Reflexión: Entre eficiencia y falibilidad
La discusión sobre la “motosierra” revela un dilema fundamental en las políticas económicas radicales: la tensión entre eficiencia y riesgo social.
Desde la visión de Mises, los mercados libres y la reducción del Estado son caminos claros hacia prosperidad. Un ajuste rápido puede restablecer señales de precio y disciplina económica, incluso si causa dolor temporal. La lógica es directa: la libertad económica genera resultados eficientes, y la intervención prolongada solo distorsiona.
Desde la mirada de Popper, cualquier medida extrema debe evaluarse por su capacidad de ser corregida. La falibilidad, la previsión de consecuencias inesperadas y la protección de los más vulnerables son esenciales. Un ajuste que ignora estos elementos corre el riesgo de crear daños sociales irreversibles, erosionando legitimidad y confianza.

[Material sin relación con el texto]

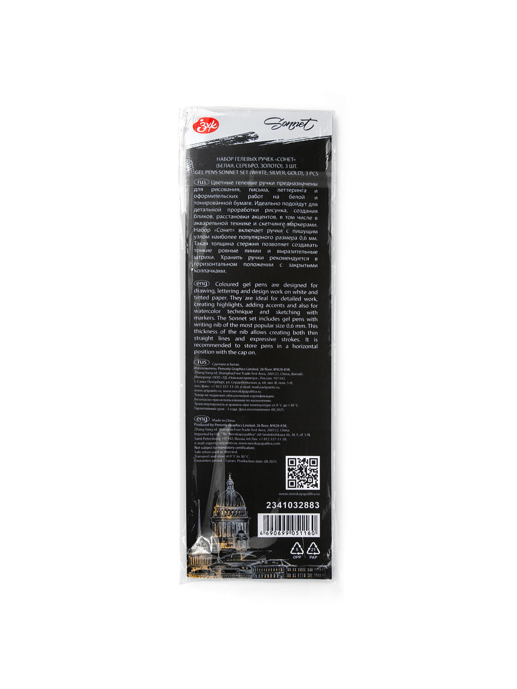 Набор ручек гелевых "Сонет", 3 шт, 0,6 мм (белая, серебро, золото) 7
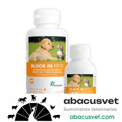 Block in pets frasco de 100 ml marca Mederilab para: Para el tratamiento de diarreas infecciosas causadas por bacterias sensibles a la fórmula como: Giardia, E. coli, Salmonella spp, Enterobacter aerogenes, Klebsiella spp, Pseudomona aureoginosa, Proteus spp. ¡Compra en línea – abacusvet.com!
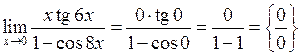 У даному випадку для розкриття невизначеності слід використати першу “визначну” границю, або еквівалентність функцій:
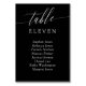 Elegant table cards in black and white with a delicate calligraphy script. Add the names of your wedding guests!

La reflexión central es que la economía y la ética no pueden separarse. La “motosierra” de Milei puede ser eficaz en teoría, pero su éxito real depende de instituciones sólidas, control de riesgos y comunicación clara. Las políticas radicales son inevitables en contextos de crisis, pero su sostenibilidad requiere equilibrio: eficiencia rápida y libertad de mercado, sí, pero con mecanismos de corrección y consideración social.
En última instancia, la lección es clara: un ajuste económico nunca es solo un problema de números; es un experimento social y moral, donde la libertad, la previsión y la responsabilidad deben coexistir para que la economía no se estabilice a costa de la sociedad.